* Records for this task *
* * * * * * *

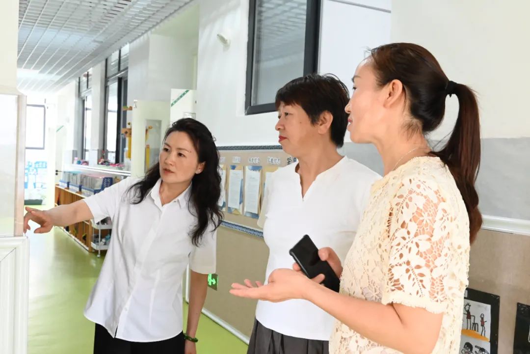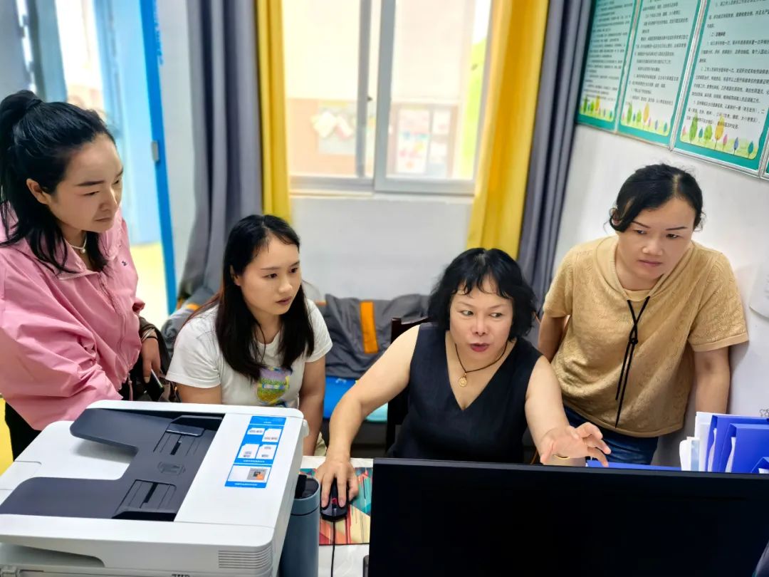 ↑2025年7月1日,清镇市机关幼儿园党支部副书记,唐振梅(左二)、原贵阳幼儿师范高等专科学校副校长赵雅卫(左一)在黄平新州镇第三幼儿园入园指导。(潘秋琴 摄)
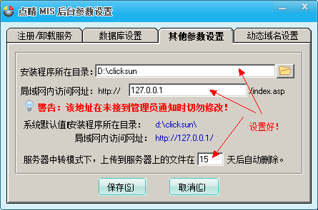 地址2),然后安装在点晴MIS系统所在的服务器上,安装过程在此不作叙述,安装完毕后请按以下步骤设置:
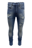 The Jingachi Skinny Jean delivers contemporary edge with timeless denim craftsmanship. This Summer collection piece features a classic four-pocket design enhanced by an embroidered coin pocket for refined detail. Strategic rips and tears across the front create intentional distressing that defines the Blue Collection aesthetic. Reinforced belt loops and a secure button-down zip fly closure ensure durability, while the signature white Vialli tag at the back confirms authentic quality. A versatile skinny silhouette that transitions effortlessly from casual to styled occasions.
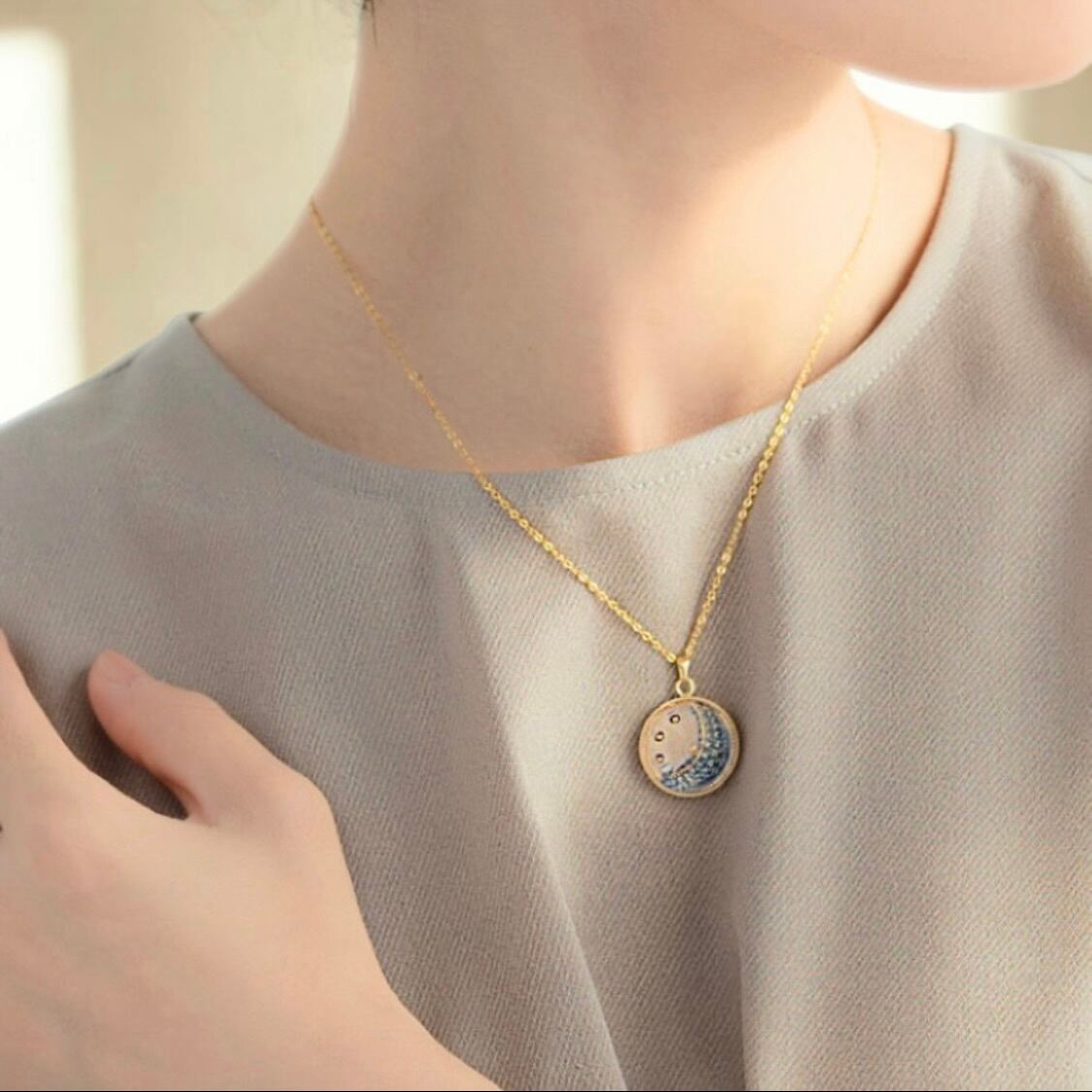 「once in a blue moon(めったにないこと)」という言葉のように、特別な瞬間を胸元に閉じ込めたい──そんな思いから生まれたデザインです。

* * * * * * *

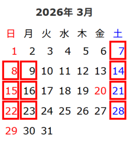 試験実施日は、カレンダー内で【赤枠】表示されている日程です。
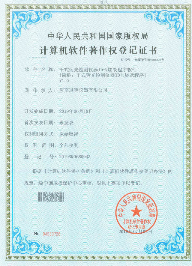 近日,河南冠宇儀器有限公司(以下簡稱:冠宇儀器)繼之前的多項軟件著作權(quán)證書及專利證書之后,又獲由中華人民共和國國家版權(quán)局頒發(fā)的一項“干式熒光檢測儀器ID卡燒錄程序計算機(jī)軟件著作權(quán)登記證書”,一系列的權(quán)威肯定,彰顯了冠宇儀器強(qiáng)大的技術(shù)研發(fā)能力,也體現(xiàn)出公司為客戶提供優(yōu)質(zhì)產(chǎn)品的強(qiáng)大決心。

* * * * * * *

* What to do *
Starting at the line containing "試験実施日は、カレンダー内で【赤枠】表示されている日程です。" and stopping at the line containing "近日,河南冠宇儀器有限公司(以下簡稱:冠", output every line above exactly, both ends included, with pictures omitted.

* Result for this task *
 試験実施日は、カレンダー内で【赤枠】表示されている日程です。
 近日,河南冠宇儀器有限公司(以下簡稱:冠宇儀器)繼之前的多項軟件著作權(quán)證書及專利證書之后,又獲由中華人民共和國國家版權(quán)局頒發(fā)的一項“干式熒光檢測儀器ID卡燒錄程序計算機(jī)軟件著作權(quán)登記證書”,一系列的權(quán)威肯定,彰顯了冠宇儀器強(qiáng)大的技術(shù)研發(fā)能力,也體現(xiàn)出公司為客戶提供優(yōu)質(zhì)產(chǎn)品的強(qiáng)大決心。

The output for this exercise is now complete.